LawRegulatory Compliance

Grounds for application and forfeits

The Civil Code of the Russian Federation establishes in article 330 the notion of a penalty, according to which, it is understood as the amount strictly specified by law (or the money range) that is payable by the debtor to the creditor, in case of late fulfillment of any obligation or in improper performance of duties that are provided for by labor or civil -practical agreement.

In accordance with this definition of the concept, the essence of the penalty is that the law determines a certain amount of money paid regardless of the amount of damage caused, and even in cases where the damage is not caused at all. The latter circumstance concerns the violation of the deadlines for the fulfillment of obligations under the labor agreement.

The penalties, fines and penalties established by the law are one of the few ways of property liability of persons or organizations for violation of contractual obligations. In addition to the amounts, the law also defines specific types of penalties and grounds for which these sanctions can be applied. For example, it should be borne in mind that the list of these reasons is much narrower than the one used in determining sanctions when bringing to justice in the form of damages. The simplest application of this sanction is the fact that the contractual obligations were not properly executed.

In view of the variety of forms of liability for which a penalty can be applied, the law classifies the types of penalties on the following grounds, which are objective criteria that determine the delineation of these regulatory forms.

So, depending on the order of establishment, legal and contractual penalties are singled out. The first is determined by law and is objective in nature, that is, its parameters can not be changed by the parties. The contractual agreement is established as a result of an agreement between the parties to the transaction.
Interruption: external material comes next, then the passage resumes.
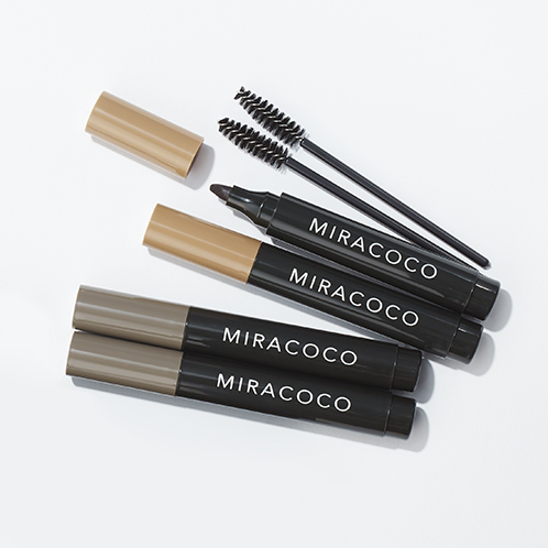 <ミラココ>より、こだわりのマーカータイプのペン先を採用した、太くも細くも描けて、眉の濃さも自由自在のティントタイプで長時間落ちにくくアイブロウ2本セットです。

The law applies in cases where the contract did not provide for it as a form of authorization for its violation. The only exception to this rule is the right of the parties to stipulate in the contractual agreement the amount of the penalty exceeding that established by law.

All types of penalties are a statutory measure of civil liability, because the reasons for its occurrence almost coincide with those grounds for the occurrence of liability, which are prescribed in the Civil Code of the Russian Federation. In the event that the contract or a specific law does not contain precise instructions on the reasons and grounds for bringing to justice, it is possible to go to court.

As sanctions, all existing types of penalties can be combined with other types of liability, primarily with reimbursement. In this case, the law provides for the classification of penalties on the following grounds:

1. The forfeit entitles the creditor to demand, in addition to the payment of the forfeit itself, and compensation for damages, if any, in the manner prescribed by law. As a rule, such a measure is used in cases where the amount of the penalty is much less than the losses incurred and does not cover the damage.

2. Penalty entitles to claim full compensation for damage, not only by the amount of the difference between damage and forfeit, but also over it. As a rule, such sanctions are applied for the most significant violations that entailed serious consequences.

3. In the event that the right to recover damages to the creditor is refused, an exceptional penalty is applied.

4. And, finally, the alternative penalty gives the right to choose the creditor, which type of sanction to choose-penalty or compensation for damages.